4 nov. 2013

Versonajes, de Aurelio González Ovies: Palabra de Vida



La ausencia, la muerte, la diferencia, la pobreza. El hambre y la sed. La nostalgia...

Solo los grandes poetas convierten las humanas heridas en oportunidades de belleza. No hay un verso de Aurelio González Ovies que no sea un manantial de sentido. El lenguaje le entrega sus dones y con esa vara mágica de la sencillez y la hondura que le es inherente, honda y sencillamente, convierte a sus lectores a una nueva vida. Vida en la palabra.

En Aurelio todas las palabras están vivas y se abren paso hacia los seres porque el ser entero queda guarecido en esos versos de luz y de horizonte que se antojan infinitos. Al amor de su mirada poética las penas del hombre se enaltecen y en esa su habla del jardín original las fuentes no dejan de manar claridades.

En Aurelio todas las criaturas caminan hacia su significación trascendente, a su lugar necesario en el mundo, a su eternidad. Y ya no son personajes, sino versonajes. Su decir, su hacer, su equivocar, su desaparecer, su llorar... son nombrados de tal manera, de tal manera bella son escritos, que el mundo dorado de la fábula nos amanece de golpe, en nuestro propio barrio y en nuestra misma calle.

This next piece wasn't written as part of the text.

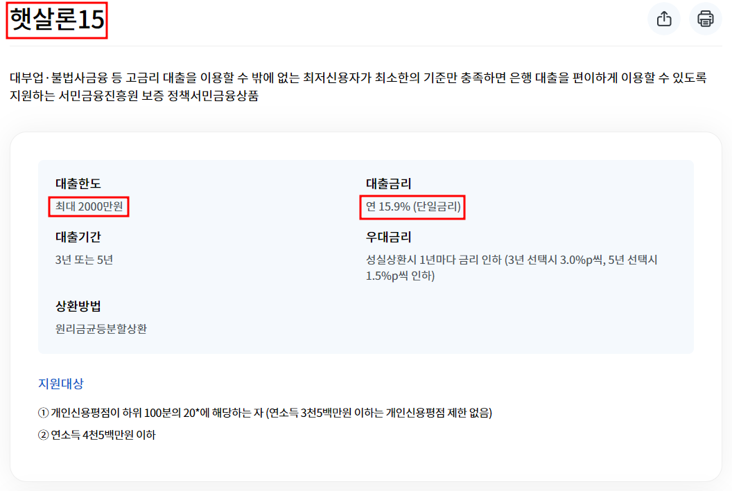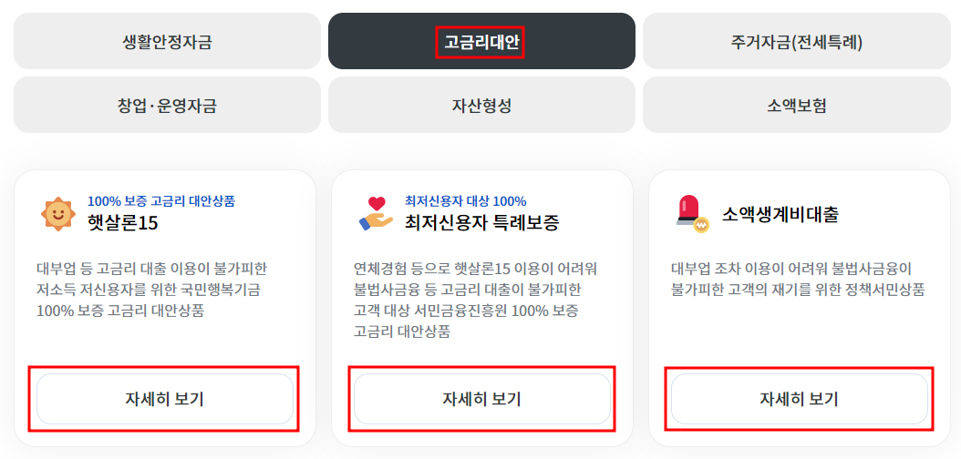 자세한 내용은 서민금융진흥원 고금리대안 페이지에서 확인하실수 있습니다.

La cotidianeidad se ilumina. Se rompe la monotonía. Hablan los pájaros y hablan poesía. El poeta le da la vuelta a la llave del lenguaje y con un signo de puntuación devela el ser profundo de las cosas: Si hace semanas/ que no sueña nada/ habla seriamente/ con las almo-hadas... Todo vuelve a estar lleno de dioses en la escritura de Aurelio González Ovies y el mundo vuelve a nacer bautizado de Palabra. Nuestros muertos, las sombras queridas, pueden asomarse a nuestra dimensión a través de las ventanas que dibuja el poeta y acontecer como una caricia en los delicados versos: Aunque no vuelvas/ ya descubrí / que algunas flores / huelen a ti.

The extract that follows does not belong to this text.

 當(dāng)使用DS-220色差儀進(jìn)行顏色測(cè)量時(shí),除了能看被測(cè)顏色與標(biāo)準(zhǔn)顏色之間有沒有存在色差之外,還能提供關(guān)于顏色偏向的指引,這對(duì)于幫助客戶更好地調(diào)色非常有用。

Versonajes es un libro para niños ilustrado con mucha sensibilidad por Ester Sánchez. Su puntillismo sale al encuentro de las palabras y deviene por sí mismo en alfabeto. Elocuente de tonos suaves fluye al ritmo del verso y logra una metáfora visual del silencio que es la condición previa para que acontezca la poesía.

Un clima es creado en las páginas y el lector adulto de este libro para niños se verá inmerso en un ambiente de iniciación y maravilla, se verá reflejado en el manantial de su origen, devuelto al mundo ilusionado en el que el alma bebe de su misma y clara sed.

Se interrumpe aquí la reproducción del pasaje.